Associate Professor at the Georgia Institute of Technology

Computational Science and Engineering

Richard (Rich) Vuduc is an Associate Professor at the Georgia Institute of Technology (“Georgia Tech”), in the School of Computational Science and Engineering. His research lab, The HPC Garage (@hpcgarage on Twitter and Instagram), is interested in high-performance computing, with an emphasis on algorithms, performance analysis, and performance engineering. He is a recipient of a DARPA Computer Science Study Group grant; an NSF CAREER award; a collaborative Gordon Bell Prize in 2010; Lockheed-Martin Aeronautics Company Dean’s Award for Teaching Excellence (2013); and Best Paper Awards at the SIAM Conference on Data Mining (SDM, 2012) and the IEEE Parallel and Distributed Processing Symposium (IPDPS, 2015), among others. He has also served as his department’s Associate Chair and Director of its graduate programs. External to Georgia Tech, he currently serves as Chair of the SIAM Activity Group on Supercomputing (2018-2020); co-chaired the Technical Papers Program of the “Supercomputing” (SC) Conference in 2016; and serves as an associate editor of both the International Journal of High-Performance Computing Applications and IEEE Transactions on Parallel and Distributed Systems. He received his Ph.D. in Computer Science from the University of California, Berkeley, and was a postdoctoral scholar in the Center for Advanced Scientific Computing the Lawrence Livermore National Laboratory.

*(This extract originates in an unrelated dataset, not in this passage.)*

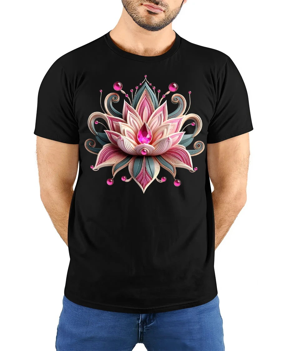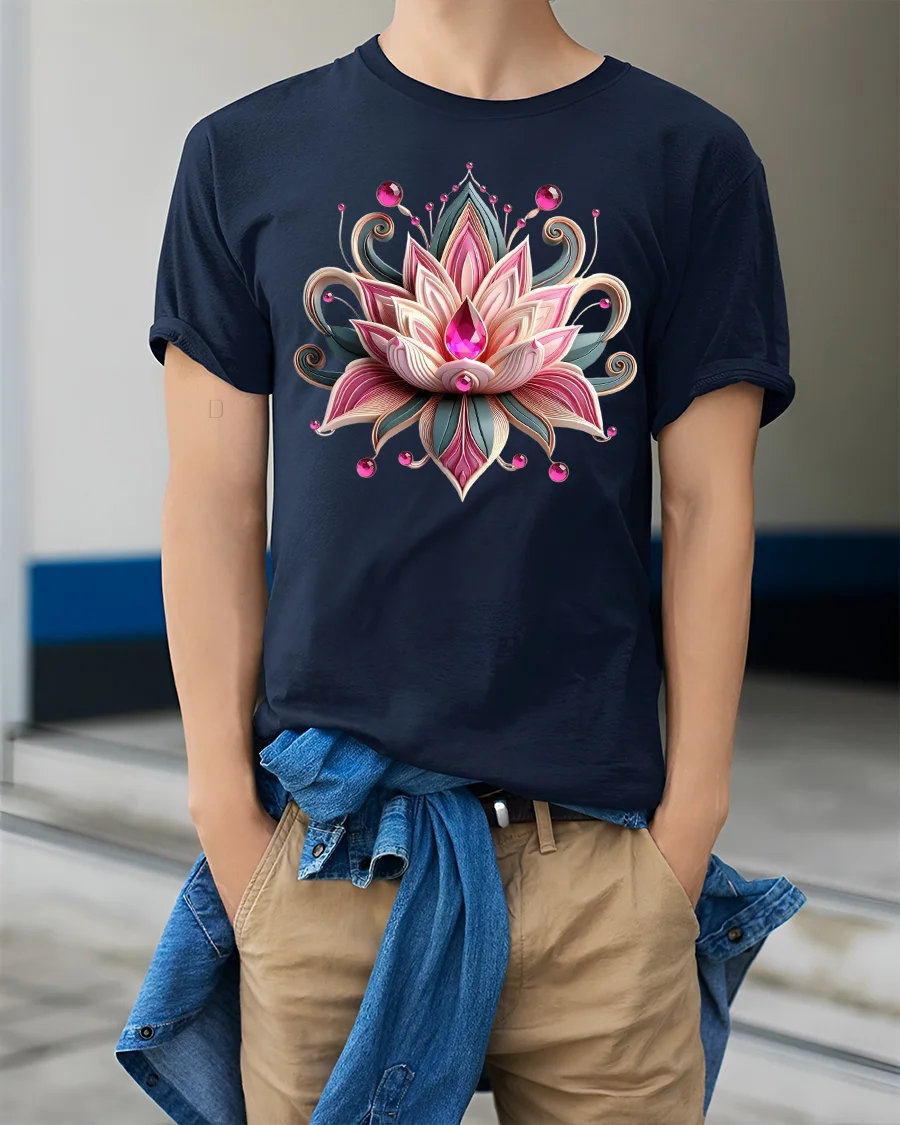 This lotus flower tee is ideal for those who appreciate artistic floral graphics, spiritual symbolism, or stylish designs with a refined touch. The jewel-inspired elements add a touch of luxury, making the tee suitable for casual wear, creative outfits, or moments when you want to express calm beauty and inner balance.

An algorithm, a data structure, and a machine that all (try to) move or store fewer bits

These are the studies. The first is a novel sparse direct solver algorithm based on communication-avoidance, namely, using a constant amount of extra memory to reduce communication volume, possibly even asymptotically depending on the input. The second is a new and tunable data structure for sparse tensor computations, which uses fewer bits than conventional methods while enhancing locality. The third is an evaluation of a new machine, called the Emu, that supports sparse and irregular computation through relatively fast fine-grained data accesses and, even more interestingly, “moving code to data” rather than the other way around. We’ll summarize each of these cases and present experimental results to validate (or refute?) their efficacy.